Your job is to return the whole listing unchanged while skipping its images.

═════ GIVEN MATERIAL

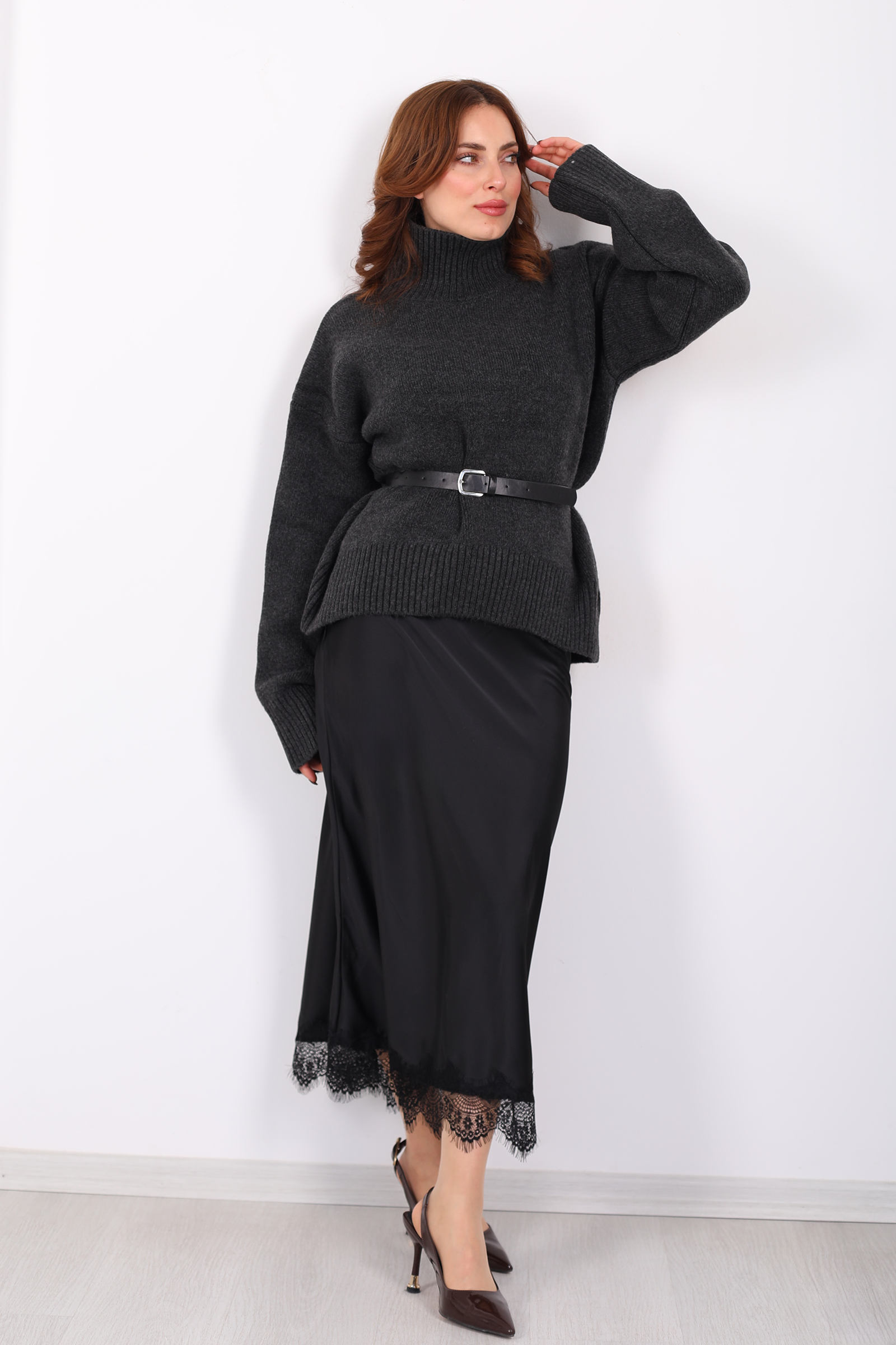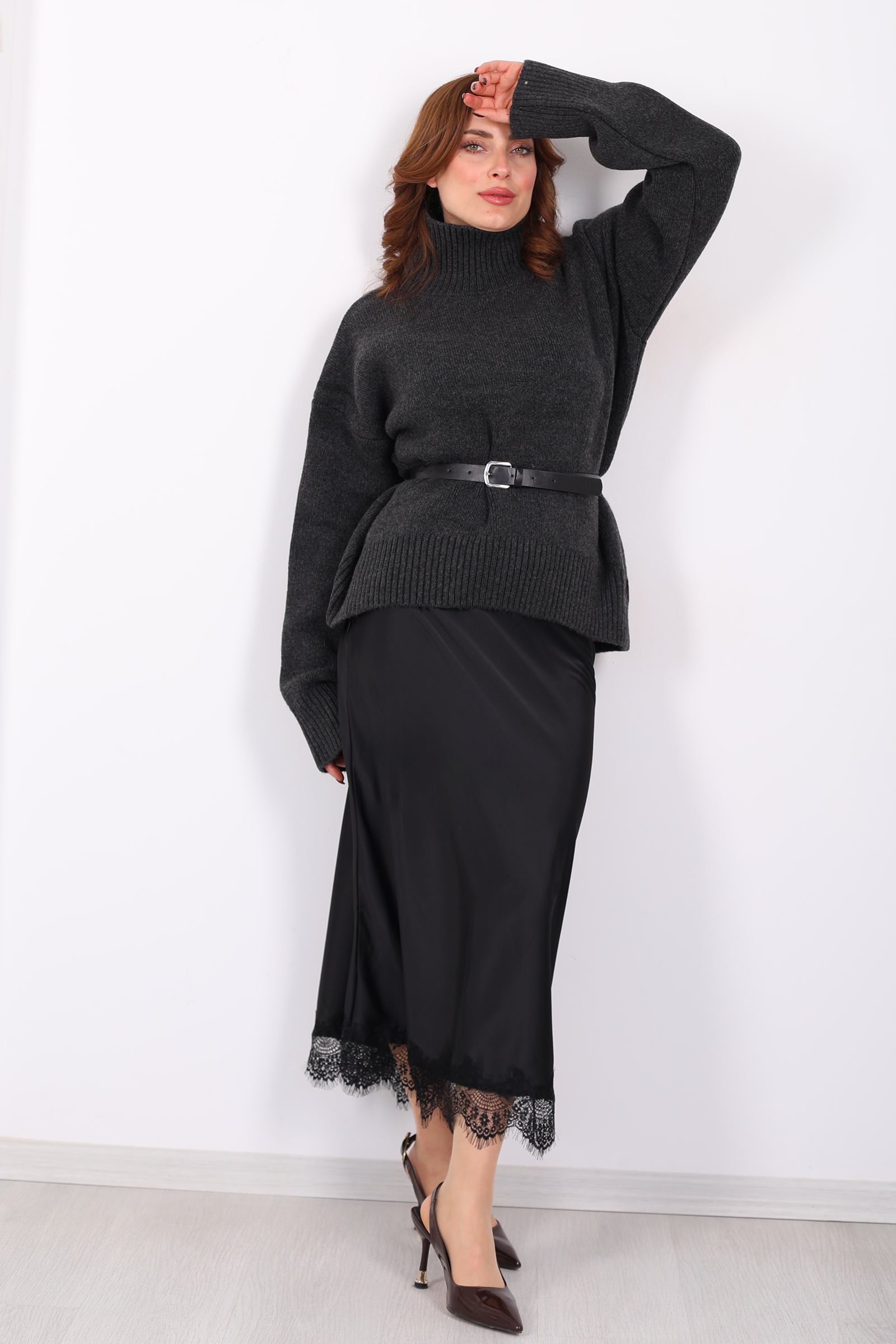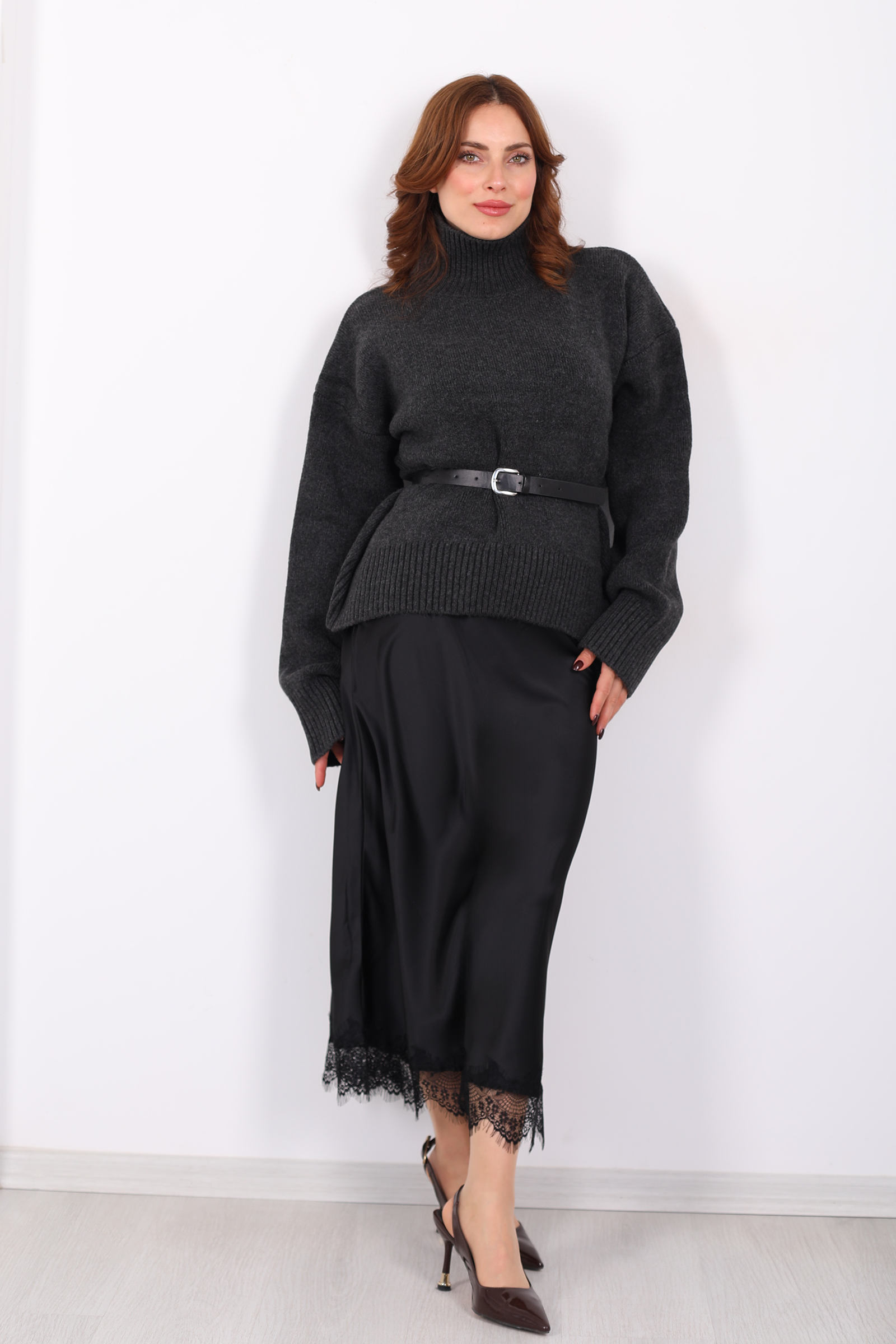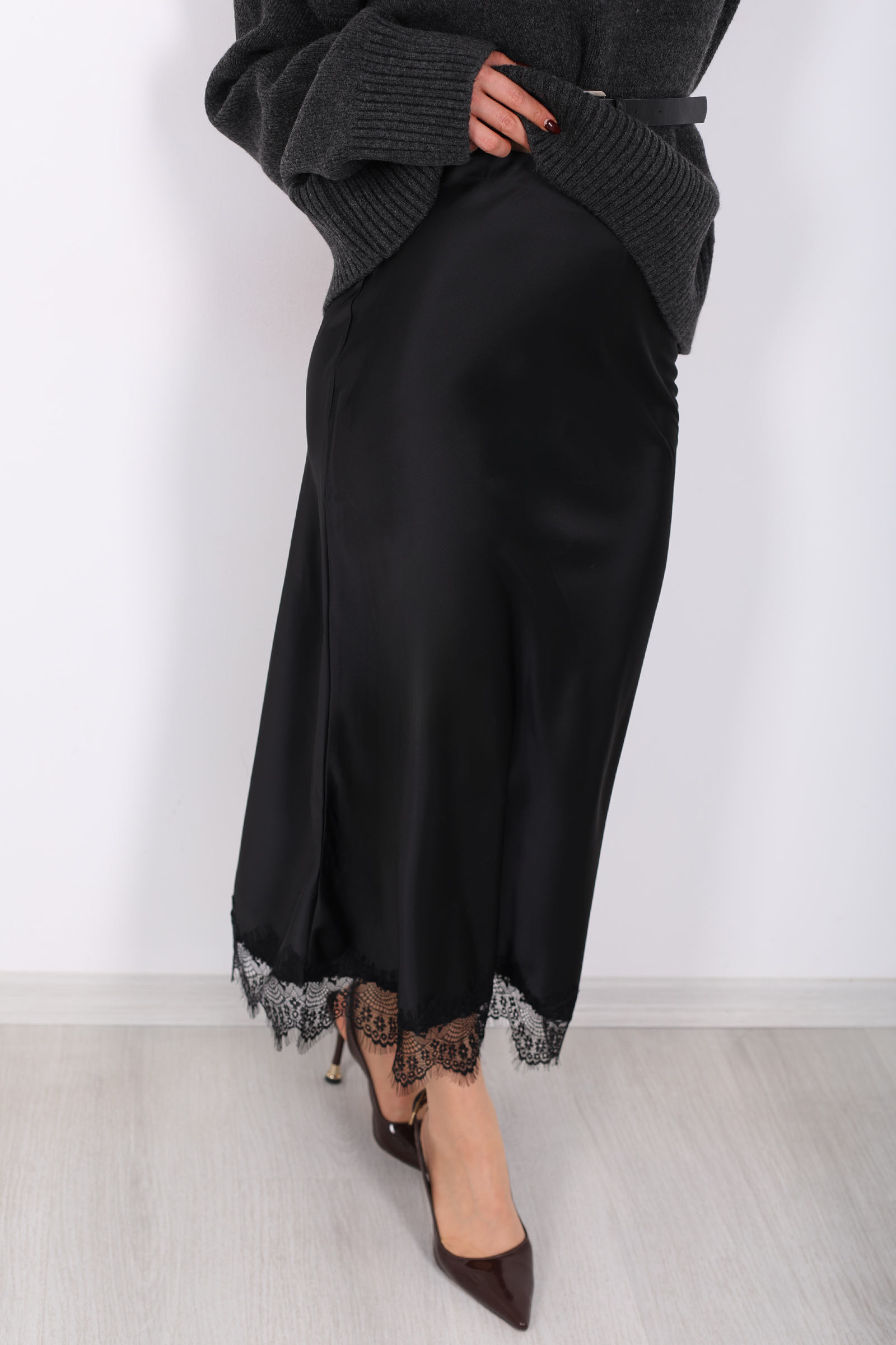 Siyahın zamansız zarafetiyle tasarlanmış bu maxi saten etek, gece şıklığını gündelik dokunuşlarla birleştiriyor. Parlak saten yüzey, yürüyüşünüze akıcı bir hareket katarken eteğin alt kısmındaki ince dantel detayı, her adımda feminen bir imza bırakır. Uzun kesimiyle zarafet ve gizem arasında dengeli bir duruş oluşturur; bu da etekle yapılan kombinlerin klasikle modern arasında köprü kurmasını sağlar.
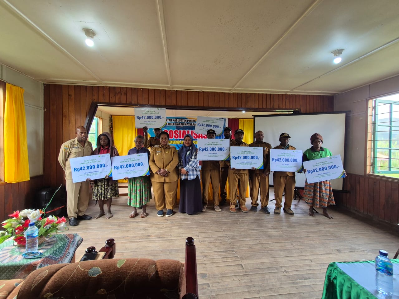 Pada kesempatan ini, Dr. Martha Pigome juga menyerahkan santunan jaminan kematian secara simbolis kepada delapan ahli waris aparatur kampung, masing-masing menerima Rp 42 juta. Bantuan ini menjadi bentuk nyata perlindungan jaminan sosial bagi aparatur kampung di Paniai yang telah mengabdi.
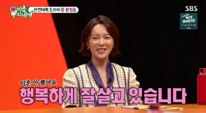 황정음은 이혼 위기를 극복하고 재결합을 선택했다고 말하며 "그래도 예전에 내가 싫어했던 행동은 남편이 조심해주고 나도 아무래도 아직 마음이 남아 있었으니까 둘이 다시 합친 거 같다"고 전했습니다.

══════════

» FINISHED TASK:
 Siyahın zamansız zarafetiyle tasarlanmış bu maxi saten etek, gece şıklığını gündelik dokunuşlarla birleştiriyor. Parlak saten yüzey, yürüyüşünüze akıcı bir hareket katarken eteğin alt kısmındaki ince dantel detayı, her adımda feminen bir imza bırakır. Uzun kesimiyle zarafet ve gizem arasında dengeli bir duruş oluşturur; bu da etekle yapılan kombinlerin klasikle modern arasında köprü kurmasını sağlar.
 Pada kesempatan ini, Dr. Martha Pigome juga menyerahkan santunan jaminan kematian secara simbolis kepada delapan ahli waris aparatur kampung, masing-masing menerima Rp 42 juta. Bantuan ini menjadi bentuk nyata perlindungan jaminan sosial bagi aparatur kampung di Paniai yang telah mengabdi.
 황정음은 이혼 위기를 극복하고 재결합을 선택했다고 말하며 "그래도 예전에 내가 싫어했던 행동은 남편이 조심해주고 나도 아무래도 아직 마음이 남아 있었으니까 둘이 다시 합친 거 같다"고 전했습니다.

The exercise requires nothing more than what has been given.